Aromobates saltuensis
- Conservation status: Endangered (IUCN 3.1)

Scientific classification
- Kingdom: Animalia
- Phylum: Chordata
- Class: Amphibia
- Order: Anura
- Family: Aromobatidae
- Genus: Aromobates
- Species: A. saltuensis
- Binomial name: Aromobates saltuensis (Rivero, 1980)
- Synonyms: Colostethus saltuensis Rivero, 1980 "1978"

= Aromobates saltuensis =

- Authority: (Rivero, 1980)
- Conservation status: EN
- Synonyms: Colostethus saltuensis Rivero, 1980 "1978"

Species of frog

Aromobates saltuensis (common name: salty rocket frog and forest rocket frog) is a species of frog in the family Aromobatidae. It is endemic to humid lower montane forest of the Táchira state in western Venezuela. It is suspected in nearby Colombia.

==Habitat==
This diurnal frog inhabits humid lower montane Andean forest, both primary and secondary. It has also been seen near streams that flow through grassy pastureland. Scientists observed the frog between 482 and 1500 meters above sea level.

Scientists have observerd one subpopulation in a protected area, Parque Nacional El Tamá.

==Reproduction==
The male protects the eggs that are laid on land.

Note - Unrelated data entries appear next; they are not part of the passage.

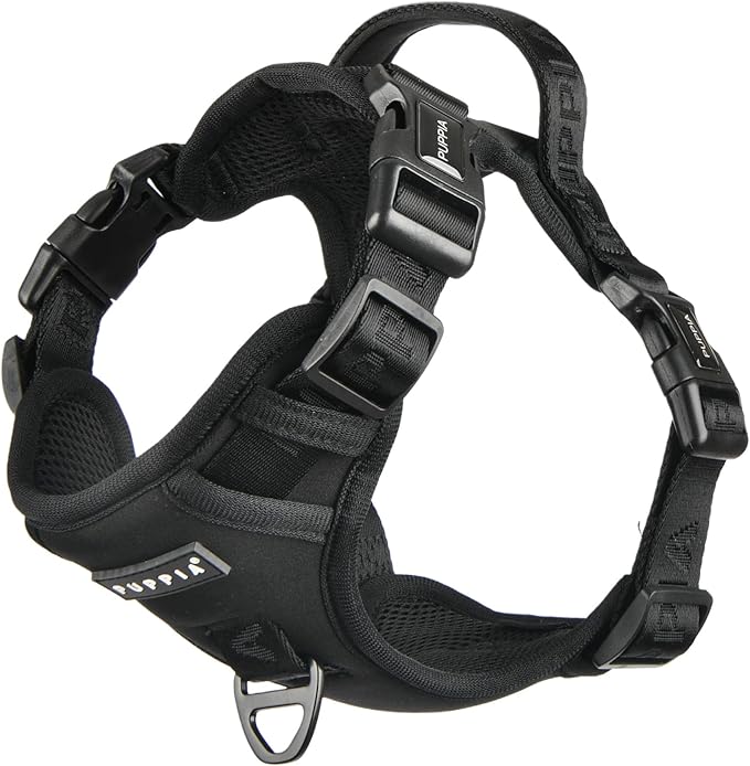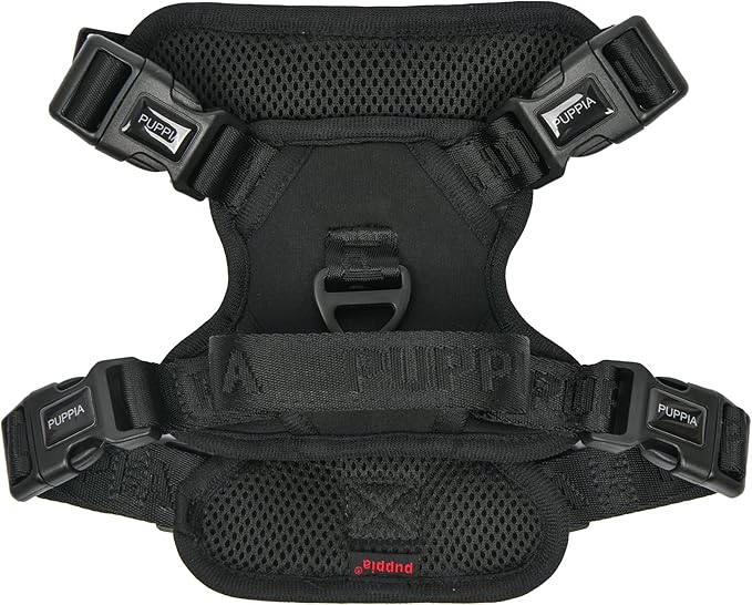 Puppia Jarek Dog Harness H Comfortable Sturdy Handle Adjustable Neck and Chest for Small and Medium Dogs - Black - M
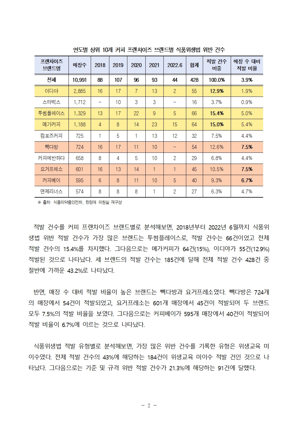 220922_한정애_의원_보도자료_커피_프랜차이즈_식품위생법_위반_연간_100여_건.hwp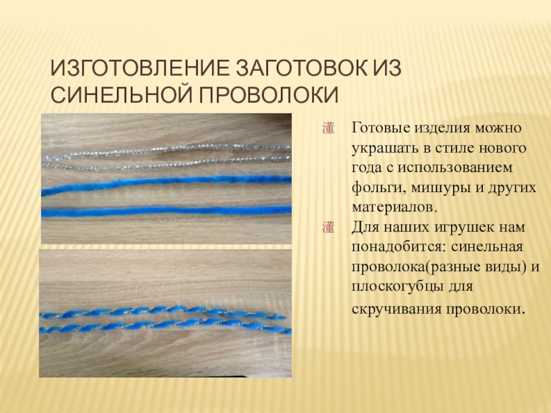 Слайд 5 Изготовление заготовок из синельной проволоки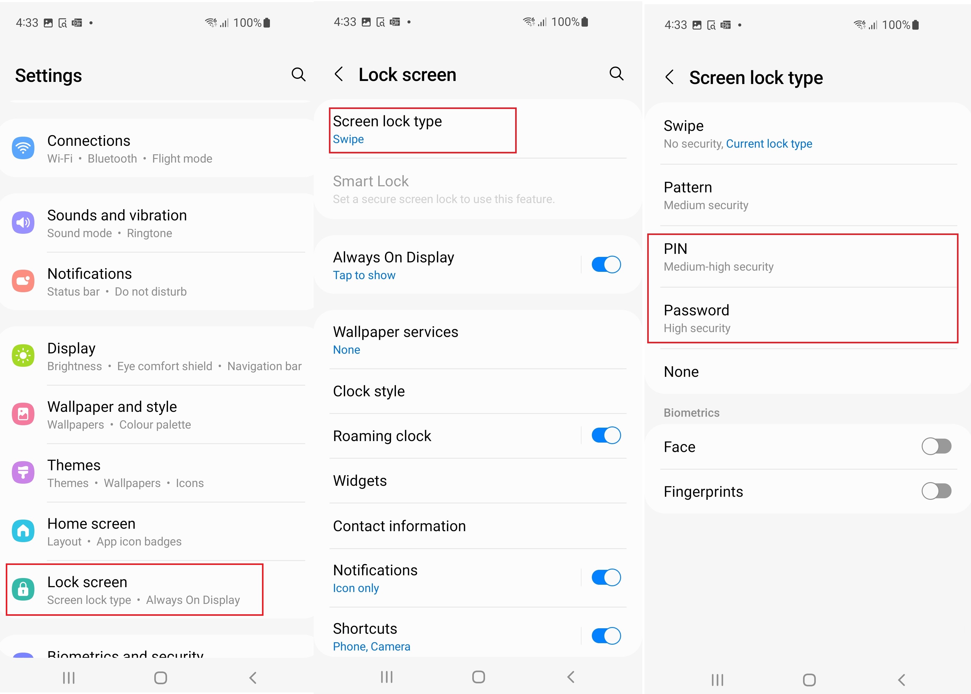 Set up a screen lock code. This is required to use Microsoft Applications such as Outlook, Word and Teams. Open the Android system settings, navigate to "Lock Screen" and set up PIN under "Screen Lock Type".
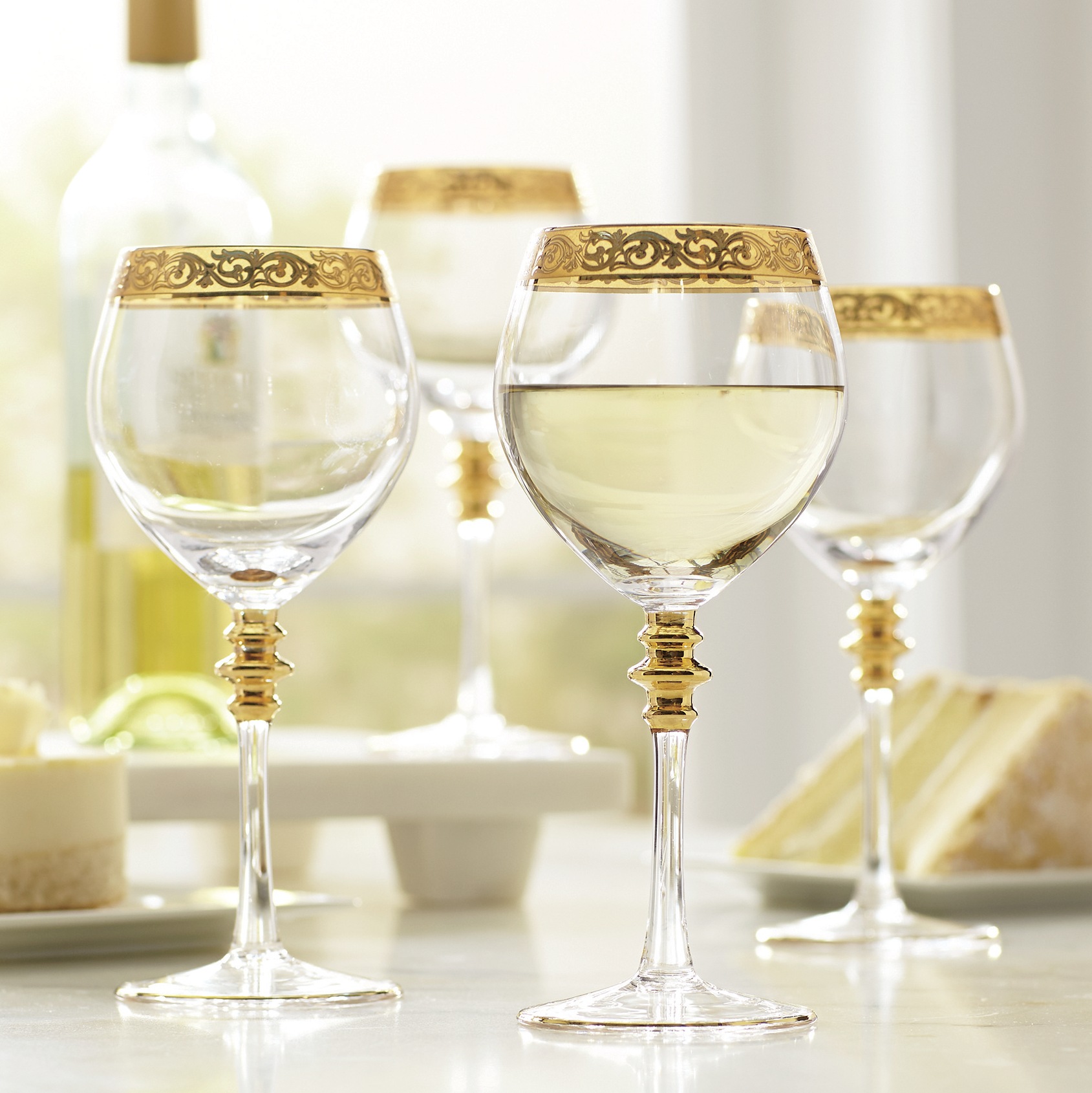 wine glasses with gold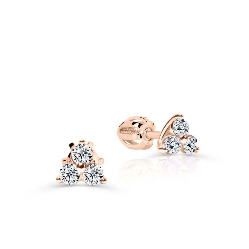 Jemné a ženské náušnice ze 14 karátového růžového zlata okouzlí teplým odstínem zlata a třpytem diamantů. Šperk je zdoben 6 brilianty kulatého brusu, kvality SI1, barvy G a excelentního brusu, o celkové váze 0.360 ct, které dodávají náušnicím sofistikovaný a luxusní charakter. Pohodlné zapínání typu balónek, lesklý povrch a precizní zpracování zaručují komfortní nošení a elegantní vzhled. Náušnice jsou uložené v luxusní dárkové krabičce a doplněny certifikátem pravosti - ideální volba pro ženy, které hledají nadčasový a jemně luxusní šperk.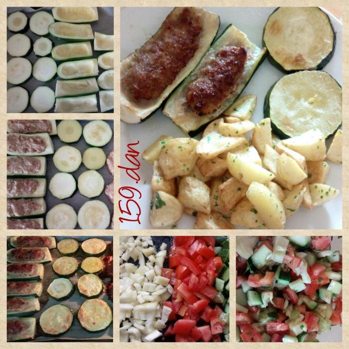 – polnjene bučke z mletim mesom (pečene v pečici),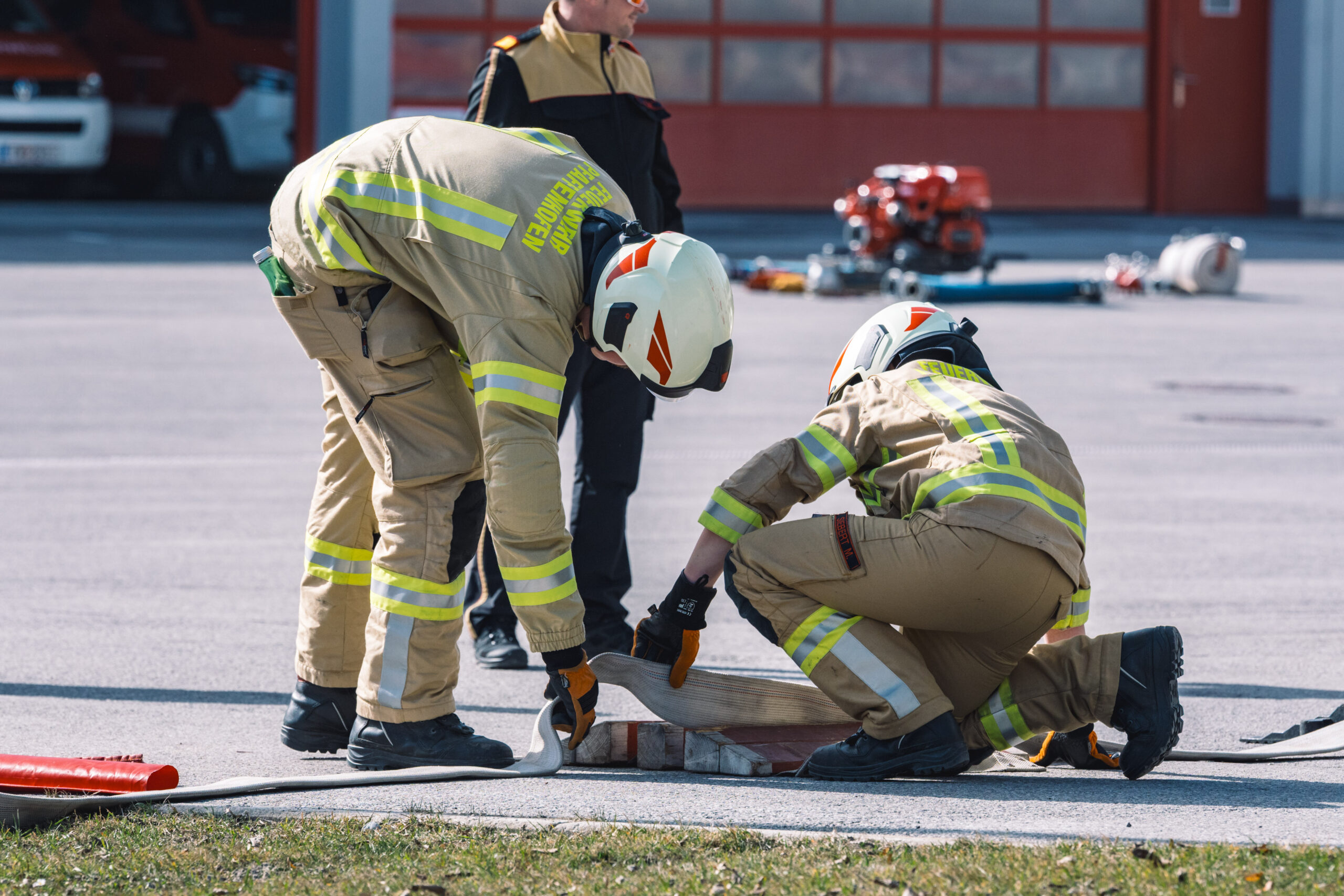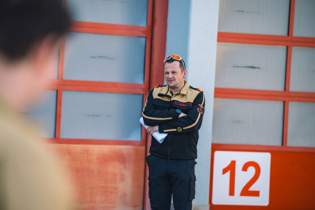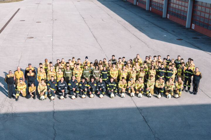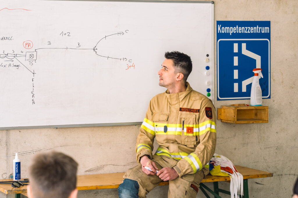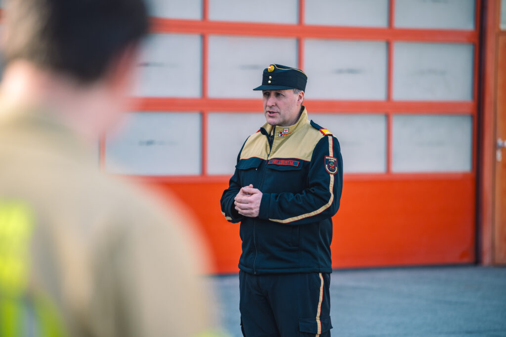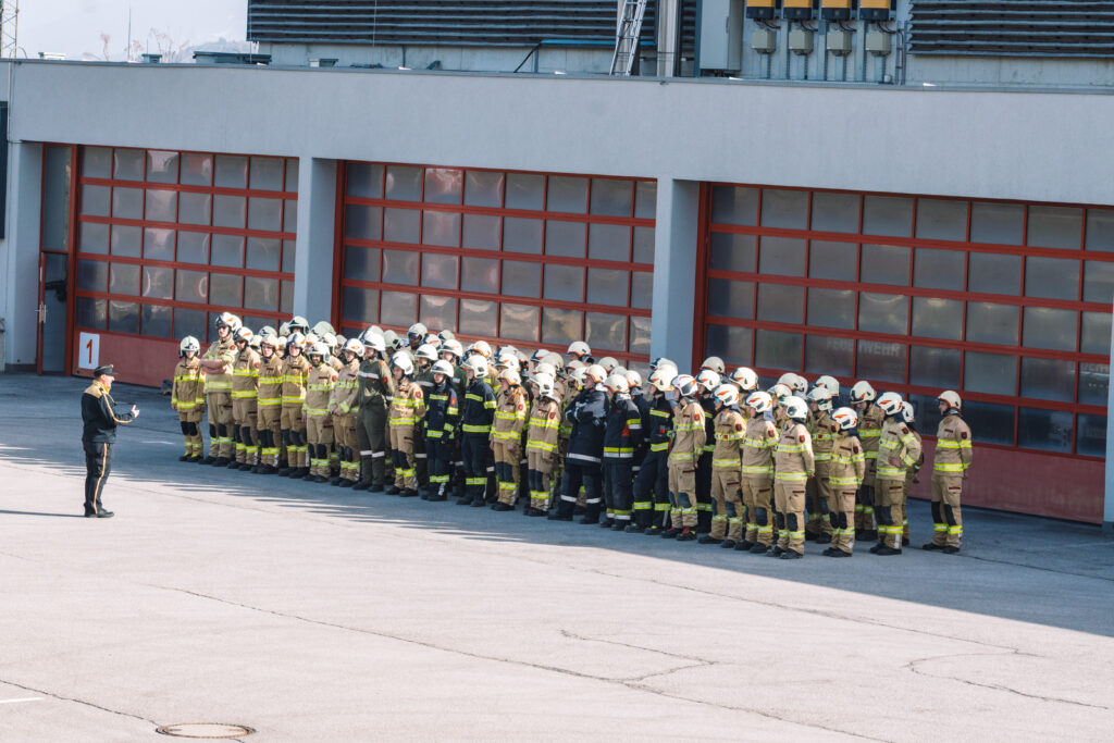 Bezirksfeuerwehrkommandant-Stellvertreter BR Martin Hellbert und Sachgebietsleiter Ausbildung ABI Karl Pajk teilten die 78 Teilnehmer:innen nach der Begrüßung in neun Gruppen für den Praxistag ein.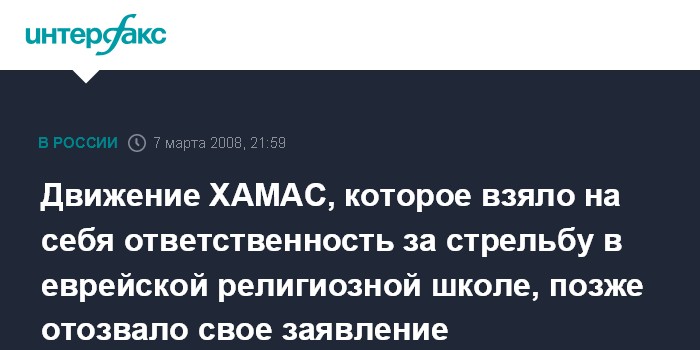 Движение ХАМАС, которое взяло на себя ответственность за стрельбу в еврейской религиозной школе, позже отозвало свое заявление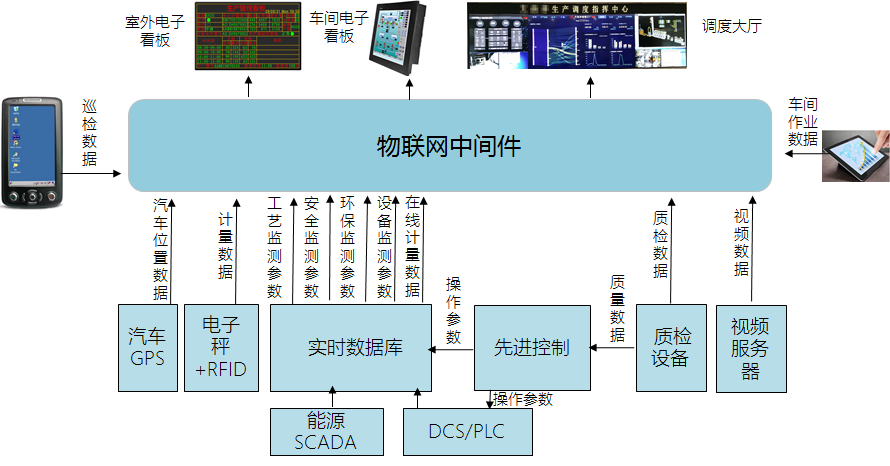 智能物聯的范圍包括:控制系統實時數據、質檢設備數據、電子秤計量數據、汽車GPS數據、巡檢數據、現場作業數據、調度指令及作業指令數據、視頻數據等。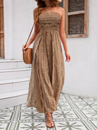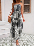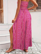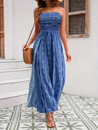 Embrace the ultimate in summertime luxury with our Women's Strapless Maxi Jumpsuit. This striking one-piece features a high-waisted smocked bodice that offers a secure, flexible fit while accentuating your natural silhouette. The design flows into dramatic, floor-skimming wide-leg trousers adorned with an intricate, ethnic-inspired paisley and geometric print. Crafted for both comfort and visual impact, the fluid fabric ensures a breezy, lightweight feel that moves gracefully with every step. This jumpsuit offers a bold, sun-drenched aesthetic and fits beautifully for any upscale resort or relaxed outdoor social event. Whether you are navigating a Mediterranean villa or enjoying a beachside dinner, this outfit acts as a vibrant statement of refined bohemian charm and modern seasonal style.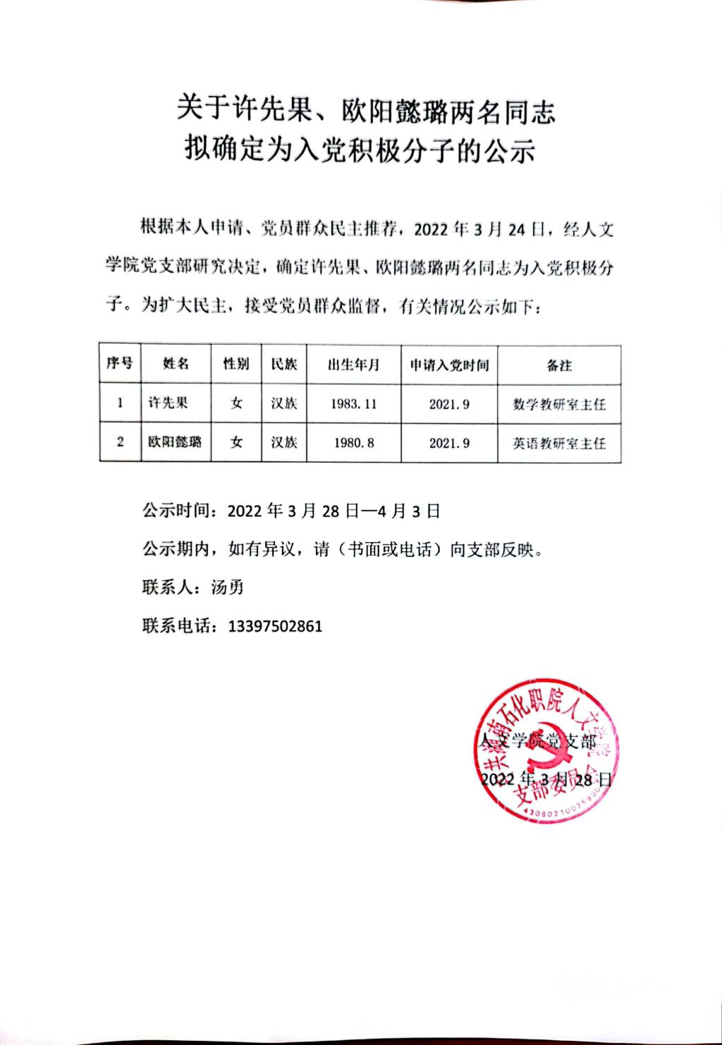关于许先果、欧阳懿璐两名同志拟确定为入党积极分子的公示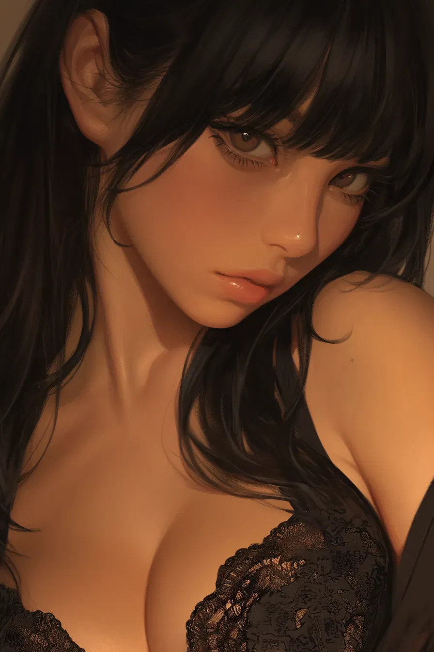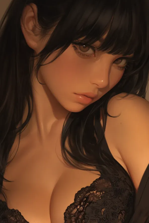 Before you could answer, she tugged you closer, pulling you down onto the bed. The suddenness of it all sent your pulse racing as she shifted to straddle your lap, her hands gripping your shoulders to keep you from moving.

After hatching, the male carries the tadpoles on his back to water where they develop further.

==Threats==
Aromobates saltuensis is threatened by habitat loss caused by agriculture, involving both crops and livestock, as well as logging, water pollution, and infrastructure development. Its distribution occurrence is subject to strong anthropogenic pressure.